History is a resource, but it can also be a weapon. No doubt the majority in Bruen would argue a weapon’s main use is defense. But in the wrong hands, any defensive weapon can become lethal. There are no mass shootings without guns. Botched abortions and late-term complications kill women. Climate change will drive millions into poverty and starvation around the globe. History might not seem as dangerous as these threats, but when an activist court weaponizes history, its consequences may indeed be fatal.
Ancestor worship is a peculiar feature of American public life. Perhaps only China places its revolutionaries on such a pedestal and in few other countries are founders so fervently revered. Even efforts to “cancel” them — for example, Thomas Jefferson or even George Washington, for treating other humans as property — are a backhanded tribute to their centrality to national life and to their role as models, once positive now negative. Yet history once done can be undone: As a record of the past, it is always under revision, and slurring your opponents as “revisionists” for updating or correcting that record only proves you don’t know how historical research works, let alone how historical memory changes.
The court’s recent decisions go wider and deeper even than obedience to the Framers. Justice Clarence Thomas cited Dred Scott, one of the court’s most infamous decisions, in both Bruen, to support the individual right to carry arms, and Dobbs, to compare deaths from abortion with the sacrifice in blood that secured the Union during the Civil War. And by digging back to 17th-century England, the majority in Dobbs seemed to want to in some respects turn back the clock not to the 1960s, as some critics charge, but to the 1660s. This is not just history without nuance. It comes close to being history without a moral compass and certainly without compassion.
As the court goes into recess and the country celebrates the Fourth, we have a good moment to stop and think about the costs of history along with the pride that comes from tradition. History can be used positively, to ground a civic religion in shared values within an expanding circle of rights and liberties. Or it can be abused negatively, not only to halt progress but to roll it back restrictively and ultimately destructively.
Thomas has already hinted that he doesn’t want to stop with Roe. If he gets his way, Griswold, Eisenstadt, Lawrence and Obergefell and hence rights to contraception, sex between consenting adults and same-sex marriage will all be in question for not being “deeply rooted in the nation’s history and tradition.”
It’s common to call the current majority on the court conservative, as if they see themselves as the guardians of an accumulating tradition. Yet they’re better described as radicals, in the literal sense of that term: activists committed to eradicating whatever they dislike about contemporary mores. They call their targets not “deeply rooted” even though they are the ones who are digging them up.

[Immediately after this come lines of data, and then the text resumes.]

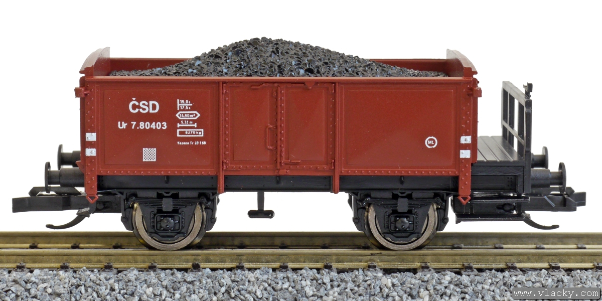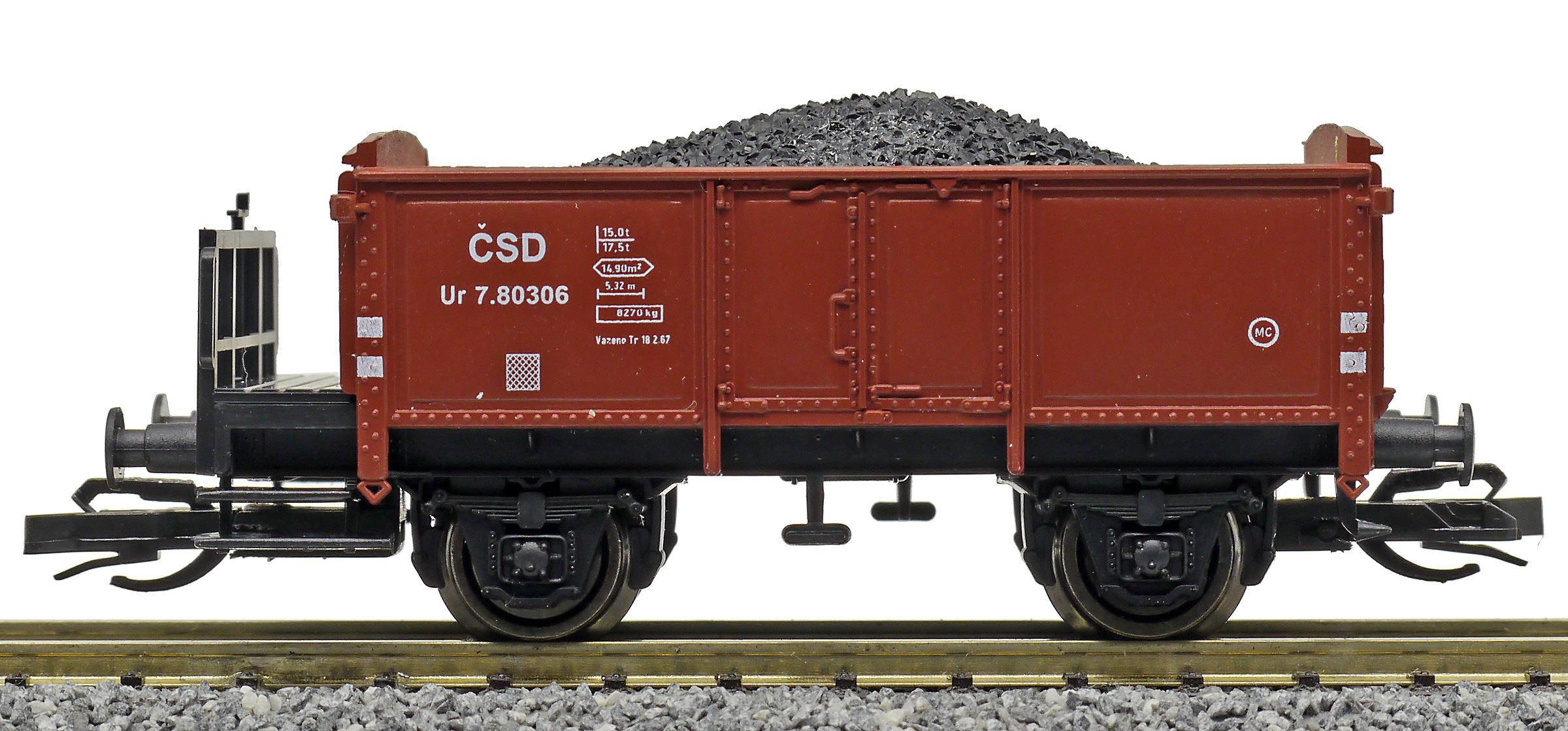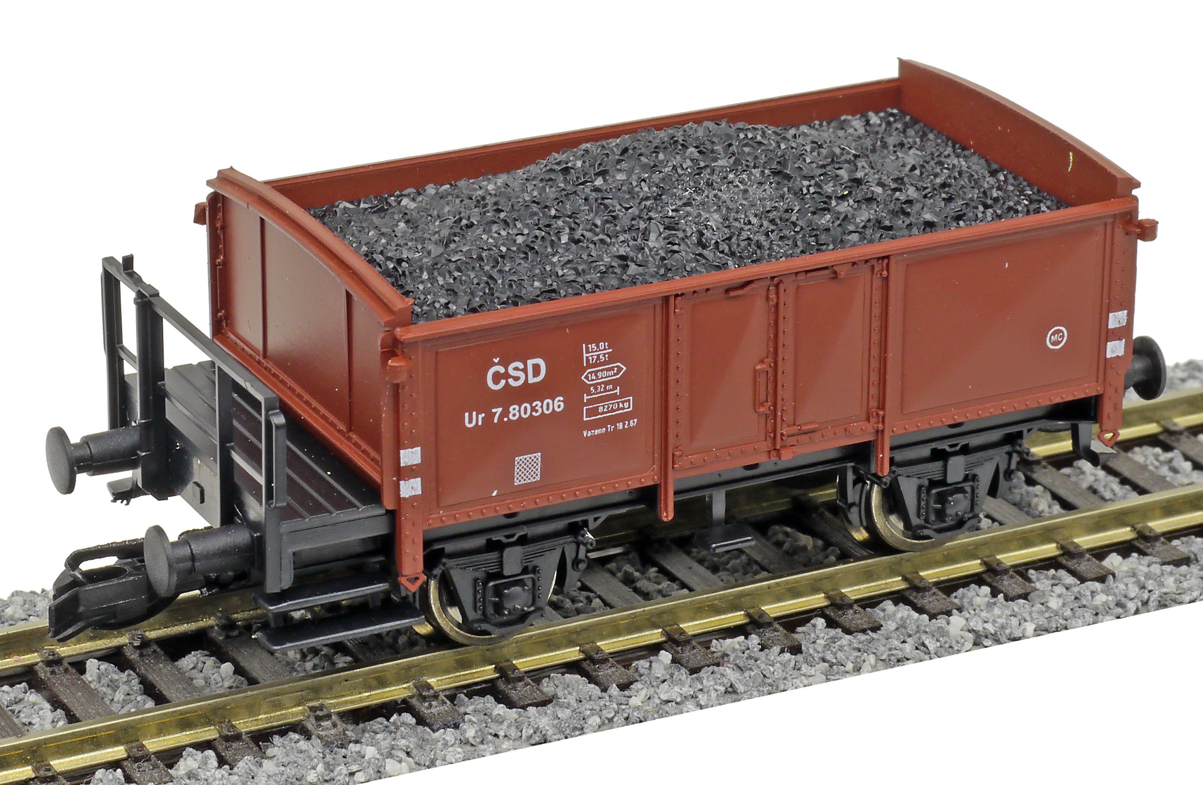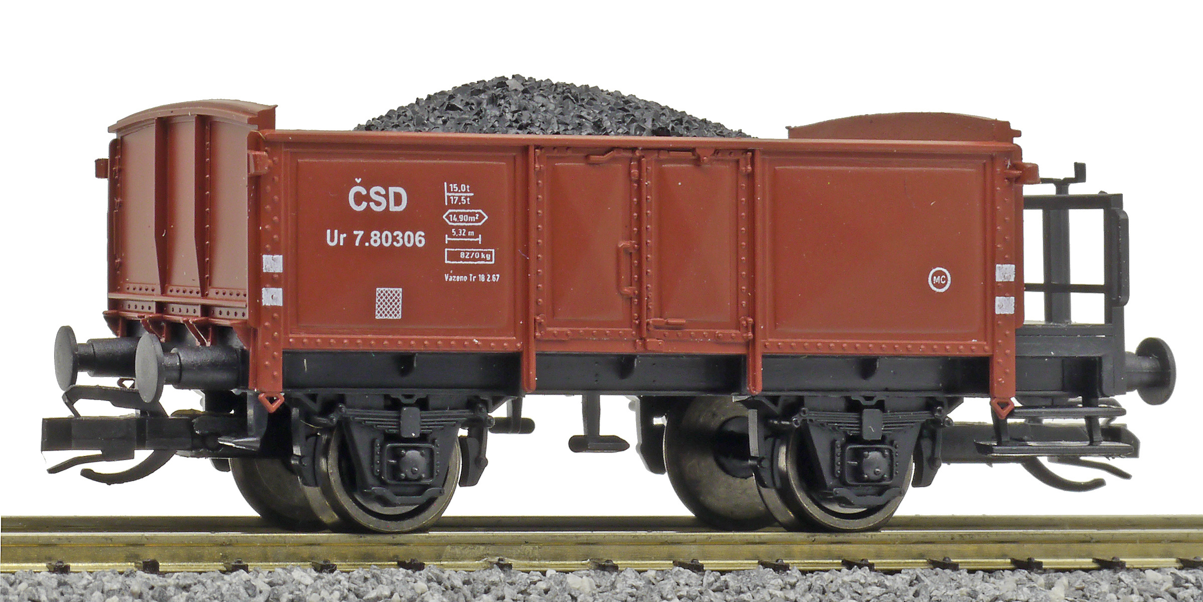 | otevřený nákladní vůz červenohnědý s brzdařskou plošinou ložený uhlím |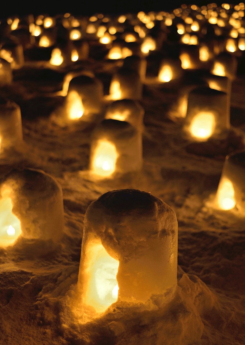 Akita experiences some of Japan’s snowiest winters, and Yokote, in the southeast, can get as many as 30 centimeters in a single night. The city has embraced its position as Akita’s snow capital with the Yokote Kamakura Festival, which features small, igloo-like huts made of snow and called kamakura. Guests move back and forth between these huts eating mochi rice cakes and sipping on sweet rice wine while huddling around the fire with the locals. The February festival, which has been going for 450 years, also features snow sculptures, access to Yokote Castle, and hundreds of mini-kamakura, which look truly stunning when lit by candles at night.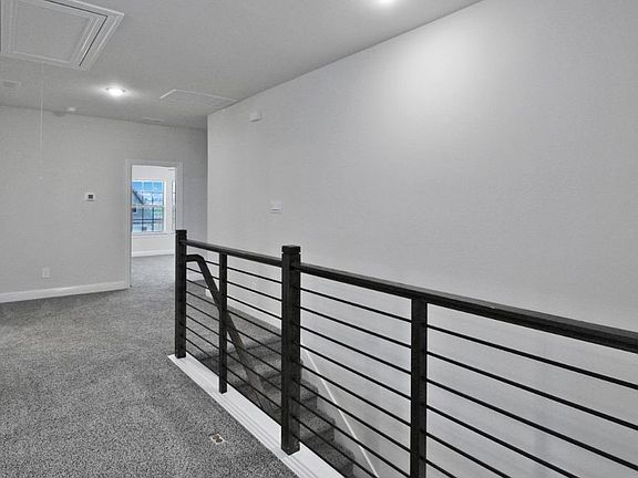 The kitchen is a chef’s dream, featuring painted cabinets, sleek granite or quartz countertops and stainless steel appliances. The massive island seats up to five people, making it perfect for gatherings. The kitchen overlooks the expansive living area, which boasts soaring 2-story ceilings, large windows for abundant natural light, and a cozy gas fireplace.

A little history can be a dangerous thing, especially when wielded as a weapon rather than a tool. In light of the court’s alarming decisions and its subversion of precedent as settled law, maybe now is the time to put a health warning on history. Used properly, with attention to context and complexity, the past forms an essential resource to chart paths towards the future. Abused for partisan purposes, it can do far more harm than good.
Caution: Distorted Historical Reasoning May Be Hazardous to Your Health — and to the health of millions of potential gun victims, women and all the inhabitants of our threatened planet.
Armitage is a history professor at Harvard University and the author of “The Declaration of Independence: A Global History.”